Hope your all ok.  Jesse (Lisa), I know how hard you are finding coming on here, but as mentioned before we would all be lost without you.  I hope and pray you will be on the roller coaster again with me, I know that Mandy Tozer will do all that she can to help you!  And anyway, you never know you may get your miricle  before then!!! 

Hope everyone is ok.  

Love To all
Laura XxX


----------



## Kitten 80 (Feb 20, 2009)

Morning all

Jess We miss you hon   

GG my 30 day shread is a intence work out thats on dvd its 20 min a day.

Star hope scan go's well this week hon

Laura I don't no about Zita sorry , I just take folic acid  and preconception pregnacare and whey protein to help my follies grow nice and mature.

I can't belive it I start next week


----------



## Gregorys Girl (Jun 7, 2010)

morning all 

laura- good to hear from you chickadee. I'm not handling stimming at the mo swing from loony lows to manic highs daily it would seem. Know what you mean tho, think we feel we have more control when injecting / scanning etc. I got my zit west cd from amazon but think you can order it direct from her website too. Cheaper on amazon tho. I'm taking loads of vits and sups - I'll post later with the link. 

Kitten - I'm impressed by your stamina. Not long now until you start woo hoo!!  

Hope everyone else well. On the way to my fab upholstery course so on my phone again.
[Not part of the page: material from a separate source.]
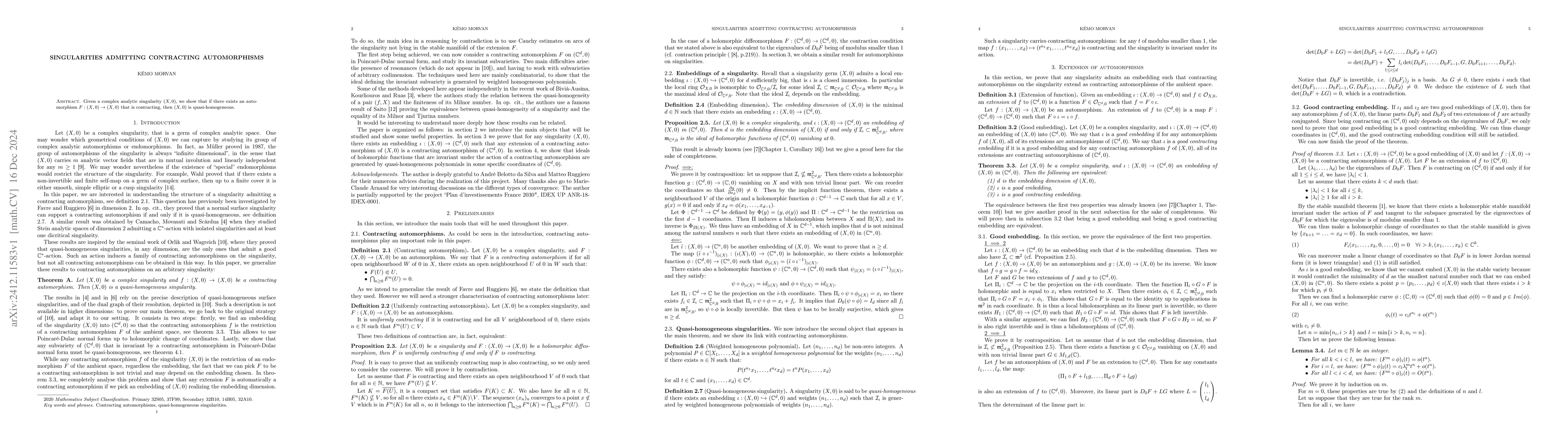 This paper demonstrates that complex analytic singularities admitting a contracting automorphism are quasi-homogeneous. The result establishes a connection between the existence of contracting automorphisms and the quasi-homogeneity of the singularity.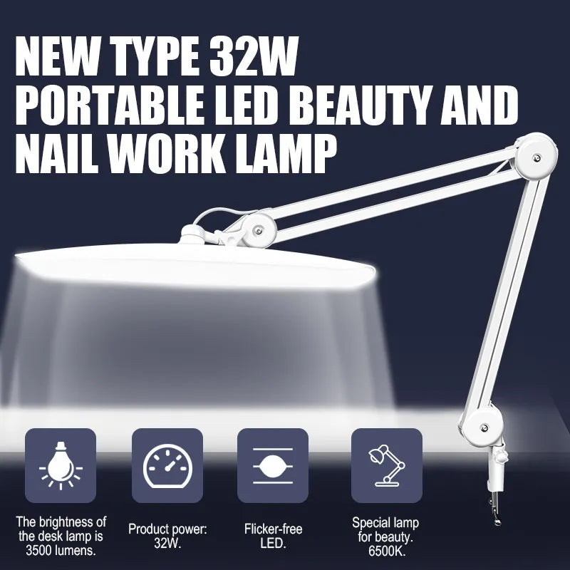 This professional 32W LED beauty work lamp features a flexible swing arm design for precise positioning during nail art and beauty procedures. The flicker-free LED technology provides 3500 lumens of bright, eye-friendly illumination with multiple dimming levels. Eco-friendly recyclable packaging and energy-efficient design make this lamp perfect for nail salons, eyelash extensions, and detailed beauty work.

Will catch up later at home.


----------



## Kitten 80 (Feb 20, 2009)

Why thank you hon    my DH say's the same   

The dam Hormoans hon


----------



## Tatti (Mar 9, 2010)

Hello, I'm feeling a bit better now, thanks for your support ladies, it means a lot. I went for afternoon tea with the girls on saturday, and was worried I would just burst into tears at some point, but I was fine, the girls really cheered me up (as did the big fat scones !)

*Kitten* - I know, it is really quiet on here these days, don't know what everyone is up to! You start next week?? wow that has come round quickly, bet you're excited now 

*Star* - have you told work about your treatment yet? hope they are ok with you. Best of luck for your baseline scan tomorrow 

*Cassie* - Only a few more days until you test, how exciting !! Hope you are ok. Quick question, when you mentioned drinking a pint of water 3-4 hours before, did you mean 3-4 hours before having the EC?? (sorry being a bit silly)

*Sweetie* - I hope your heartburn/reflux has subsided and you are feeling a bit better 

*Lisa16* - how's the DR going? are you still feeling really tired?

*Jools* - I hope you get on ok at work today, and people are sensitive with you 

*Stephy* - I live near Marks Tey, so just outside of Colchester. I'm used to getting the train in, as that's where I worked and DH works in London, but think we will drive in for EC. Sounds like that the best advice from people, at least I know I'll be comfortable 

*Mandy* - Were you up for a scan today? I was as well, I may have seen you. What time were you there?

Hi Laura, Jingle, Lisa, GG, Lins, Claire, Twang and all you other lovely Barts ladies.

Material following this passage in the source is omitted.